Editing CXCSCMU GroupWiki (section)

== Building from open source ==
A formalization of the process of building from open-source repositories.

=== Incremental validation ===
Conducting incremental validation of an open-source repository is highly recommended so that we can be sure that all components are performing as expected. 

* Evaluate the performance of outputs 
** Evaluate quickly published outputs and check if performance agrees with what they claim.
** For example, an “output” refers to the predicted rank in a retrieval task on a dev set.
* Evaluate performance on published artefacts
** For example, if trained embeddings are available, validate performance on that using a prediction step of the downloaded trained model. 
** Unlikely to be available due to large file sizes (see: inference step).
* Run inference (forward) pass
** To obtain predictions on downstream task 
** Follow open-source instructions for this step.
** Check if performance agrees with performance claims. 
* Run training 
** Required if you are further fine-tuning the model (or parts thereof)  
** Follow up with inference 

=== Mitigation / Debugs when validation fails ===
Some reasons why code doesn't work and possible solutions. 

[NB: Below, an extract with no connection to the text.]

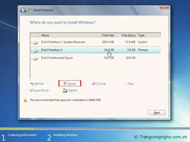 Ở đây trangcongnghe.com.vn đang hướng dẫn bạn format ổ cứng khi cài đặt mới vì thế hãy chọn Custom.

* Code is not written to open-source standards 
** Code may have worked for authors, but it is not generally usable
** Sometimes fixes are easy – check-in/out directories
* Code is from a while ago 
** Check package versions that authors use, and replicate in venv if possible 
** If intending to fine-tune model for future use, you probably want to update the code -- see documentation on any breaking updates 
* Missing components needed 
** Probably the authors also based their project off someone else’s – can do some digging to see if the missing component is anywhere else on the internet
* Everything runs without error, but results are just not replicable 😡 
** Check data processing (lookout for corrupted / truncated files)
** Check model parameters (especially optimization parameters) 
** Check that “default” parameters in args correspond to optimal values they report in the paper 

Always a good idea to check github issues and see if you problem is a "known" problem, and if there are any workarounds.